WORK TO BE COMPLETED: Give again, word for word, every line below from the one that has "2– adagiamo al" through the one that has "Shrimp-roll, Нежный лосось, Суши", both included, and no others.

GIVEN RECORDS:
....

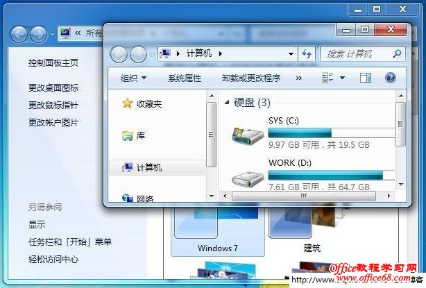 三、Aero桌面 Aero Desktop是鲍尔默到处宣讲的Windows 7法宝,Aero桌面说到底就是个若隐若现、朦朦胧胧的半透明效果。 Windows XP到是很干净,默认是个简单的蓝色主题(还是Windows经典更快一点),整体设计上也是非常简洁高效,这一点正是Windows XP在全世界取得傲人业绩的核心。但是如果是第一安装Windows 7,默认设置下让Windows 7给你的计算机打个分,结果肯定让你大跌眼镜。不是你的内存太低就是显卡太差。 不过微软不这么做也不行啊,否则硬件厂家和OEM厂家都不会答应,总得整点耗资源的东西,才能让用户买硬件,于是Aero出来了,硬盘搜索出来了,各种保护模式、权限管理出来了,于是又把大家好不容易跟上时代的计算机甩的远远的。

....

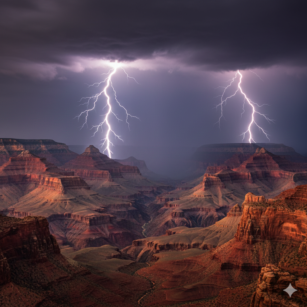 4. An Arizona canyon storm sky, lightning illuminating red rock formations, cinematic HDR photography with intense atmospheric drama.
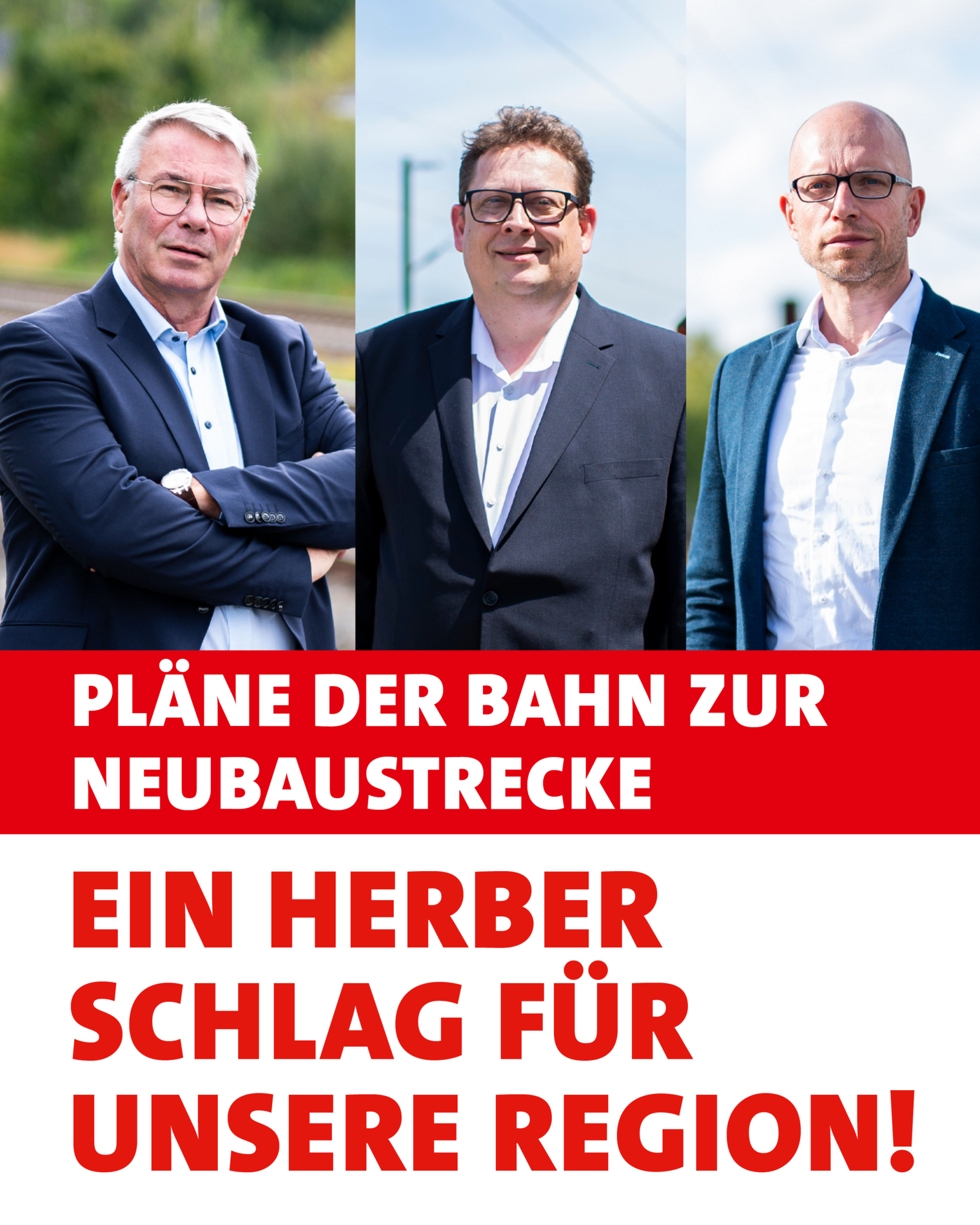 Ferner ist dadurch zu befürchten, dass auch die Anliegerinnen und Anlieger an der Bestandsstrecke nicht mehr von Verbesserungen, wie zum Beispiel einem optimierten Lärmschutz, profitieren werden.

....

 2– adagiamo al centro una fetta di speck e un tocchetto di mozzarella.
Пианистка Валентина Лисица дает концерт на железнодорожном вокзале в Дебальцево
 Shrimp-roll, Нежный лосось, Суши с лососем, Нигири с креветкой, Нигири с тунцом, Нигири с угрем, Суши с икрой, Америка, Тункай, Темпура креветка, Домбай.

....

WORKED SOLUTION:
 2– adagiamo al centro una fetta di speck e un tocchetto di mozzarella.
Пианистка Валентина Лисица дает концерт на железнодорожном вокзале в Дебальцево
 Shrimp-roll, Нежный лосось, Суши с лососем, Нигири с креветкой, Нигири с тунцом, Нигири с угрем, Суши с икрой, Америка, Тункай, Темпура креветка, Домбай.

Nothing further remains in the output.